Screening for post natal depression!

Sound like science fiction? Well I certainly agree however according to this report researchers have been delving into the finer components of post natal depression (PNG), to see if certain genetic parameters could predict the risk of mothers to PNG with some success.

 

I might have significant objections to peoples reliance on genetic testing to predict anything to do with poor mental health particularly in light of many reports whose findings have not been repeated; but from previous studies it is clear that genetic factors do play a part in people’s ability to maintain good mental health and as such need to be investigated. However I do feel that the results of such studies could be better reported to the general population who do not have access and aren’t interested in reading the full report (which can be purchased here ) 

I freely admit that I haven’t purchased this article as I find the fees somewhat exorbitant but I will point you to this page on the NHS website who have. I would love that people would go and look up where these newspaper reports come from but I am constantly reminded that frankly they don’t so better reporting really is the only answer. 

So PNG screening?

As an idea is a good one as between 10 and 15% of mothers will suffer from i tand with 706,248 live births (in 2009) this amounts to between 70,624.8 -105,937.2 mothers with PNG every year which is a hell of lot of mothers. (For more information on PNG please see or MINDs website )

However successful screening programs are reliant on good quality testing accurately predicting where it is likely to occur and preventative treatment given in good time. They are often limited by their ability to prevent the illness/disorder once the people at risk have been identified. The grandiose ideas of preventative treatment being given seems to fall foul of the advice given to mums, which suggests that actually unless the real and apparent risk is extremely high all that would happen is these women will receive specific attention from staff during their normal visits in regard to PNG symptoms, which as far as I can see amounts to good quality care being given to all and should already be happening.

  

This aside what does this article add?

There are many things and these a just a selection of what I felt where interesting (please see NHS for the others,)

A weak but statistically significant association was detected between one of the three genetic variants for the corticotrophin-releasing hormone receptor type 1 (CRH-R1) gene and postnatal EPDS scores. This suggests that this variant may be specific to postnatal depression only.

I.e. this factor is expected to only be seen in people with a high risk of PNG

There was a significant increase in the likelihood of being at risk for developing PND among women with two of the assessed genetic variants, with odds ratios (OR) ranging from 2.2 (95% confidence interval [CI] 1.2 to 6.9) to 4.9 (95% CI 2.0 to 12.0).

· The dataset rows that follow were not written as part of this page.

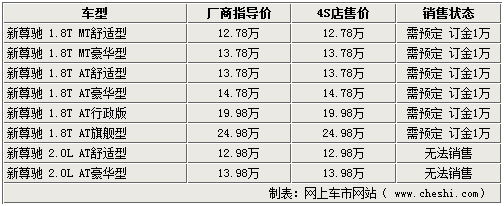經(jīng)銷商透露,現(xiàn)在各店內(nèi)的新尊馳基本為展車或已被客戶預訂的車輛,基本沒有現(xiàn)車可以滿足消費者的需要,消費者如需購買可以繳納1萬元訂金后等待20天左右即可提車。由于新尊馳為剛剛上市的新車,所以沒有任何形式的優(yōu)惠。同時銷售人員還說明,2.0L的新尊馳由于尚未大量投產(chǎn),故暫時無法銷售,請消費者諒解。
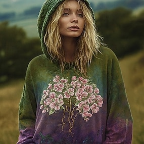 Hoodie Vintage Boho Feminino com Impressão 3D Sweatshirt de Patchwork Floral Viking Pulôver Floral Gráfico Vintage Casual de Manga Longa com Capuz Impressão de Rua com Bolso Frontal Verde Primavera
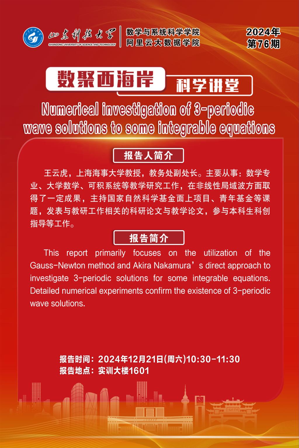 数聚西海岸科学讲堂2024年第76期:王云虎教授学术报告
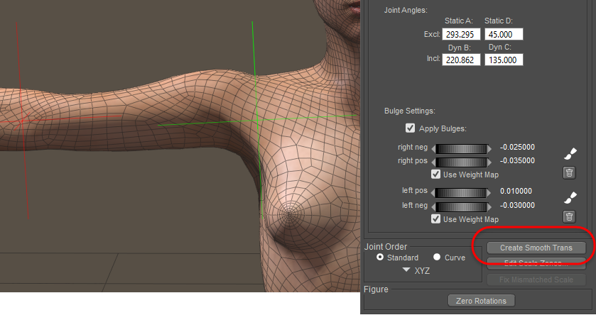 - By default, the adjacent body part blends with the selected part by default. To add other parts for blending, click the Edit Smooth Trans button in the joint editor palette to open the Select Objects hierarchy list. Use this list to choose the body parts that will blend with the selected actor. For example, if you have selected the right collar of a figure, it will blend with the right shoulder.
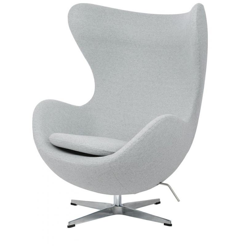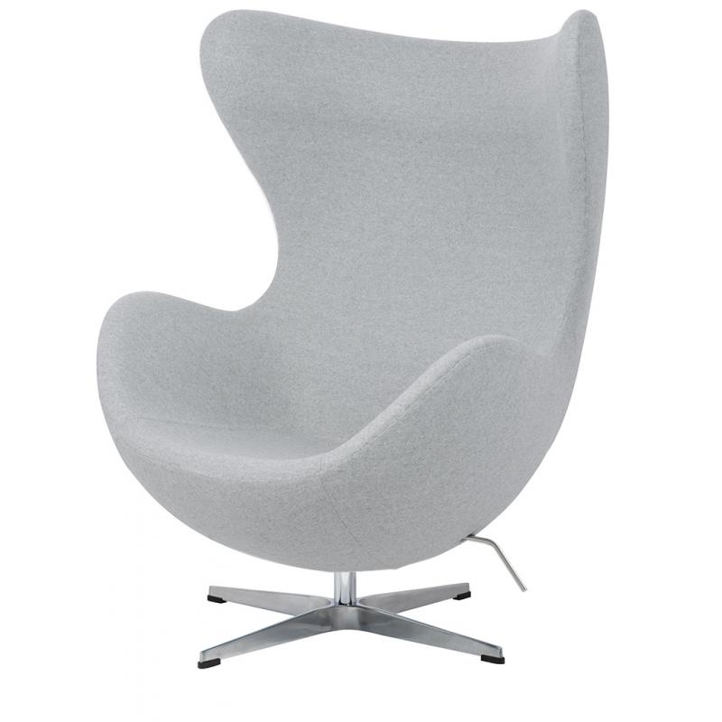 Fotel EGG CLASSIC to klasyka sama w sobie. Jeden z najbardziej znanych kształtów fotela. Fotel tapicerowany jest wełną kaszmirową (70% wełna naturalna, 30% poliester). Tkanina ta słynie z wyjątkowej wytrzymałości. Fotel wyposażony jest w mechanizm obrotowy z funkcją bujania. Korpus fotela wykonany jest z włókna szklanego. Podstawa oraz uchwyt wykonane zostały z polerowanego aluminium.Waga netto 1 szt.: 29 kg Waga opakowania: 30 kg Sposób wysyłki: Paleta Wymiary opakowania: 102 cm x 84 cm x 62
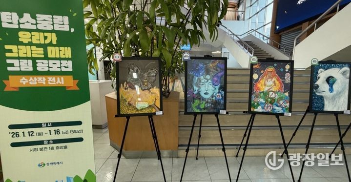 광장일보 주재영 기자 | 창원특례시는 미래세대의 눈으로 바라본 기후적응과 회복 메시지를 시민과 공유하기 위해 ‘탄소중립, 우리가 그리는 미래’ 그림 공모전 수상작을 1월 12일부터 16일까지 시청 현관 1층 로비에서 전시한다고 밝혔다.

Odds ratios are one of several ways to summarise the association between an exposure and an outcome ie having the genetic variants and the risk of them getting PNG. So in this case with a confidence of 95% the women with two of the assessed genetic variants of the glucocorticoid receptor are between 2.2 and 4.9 times more likely to suffer PNG

Among women with specific variations on both the GR and the CRH-R1 genes, there was an even higher increase in the likelihood of being considered at risk for postnatal depression (OR 5.48, 95% CI 2.13 to 14.10), which researchers feel suggests that each variant contributes to PND risk independently.

In the other conclusions it was stated that the CRH-R1 receptor variants showed no significant increase in risk. So they concluded that as the risk was greater with both they have to work independently rather than in combination as these were not significant on their own.

However as the researchers did point drawing too many conclusions from their data, on its own, may be unwise and further research is required. 

First and foremost, for me at least is to consider a couple of the issues they brought up over diagnosis of PNG within the sample and the questionnaire completion rate which was 70%.

Firstly none of the women in this study were asked about having/suffering from PNG and it focused on risk of suffering from it when surely it would have been a good idea to follow up the research and see how many of the sample (controls as well as those with the variants) actually did/suffer from PNG.

Secondly the completion of both questionnaires was required for them to be included in the study and as the symptoms of PNG may have meant fewer of them completed the questionnaires the data may be skewed and not give an accurate picture anyway.

 

And as they themselves say

The researchers report that there were not enough participants in the study to "provide adequate power for all SNPs associations". They estimate that further research will need to involve approximately four times as many patients

Which sadly means that screening despite the report in the guardian that suggests it might be close, is in fact a long way off. 

However the findings are far from insignificant although in some ways I would wish that journalists would not report on such findings without referring to the source article a bit more than they are currently in the habit of doing as it is often extremely misleading and people are not in the habit of following up stories in search of a better understanding.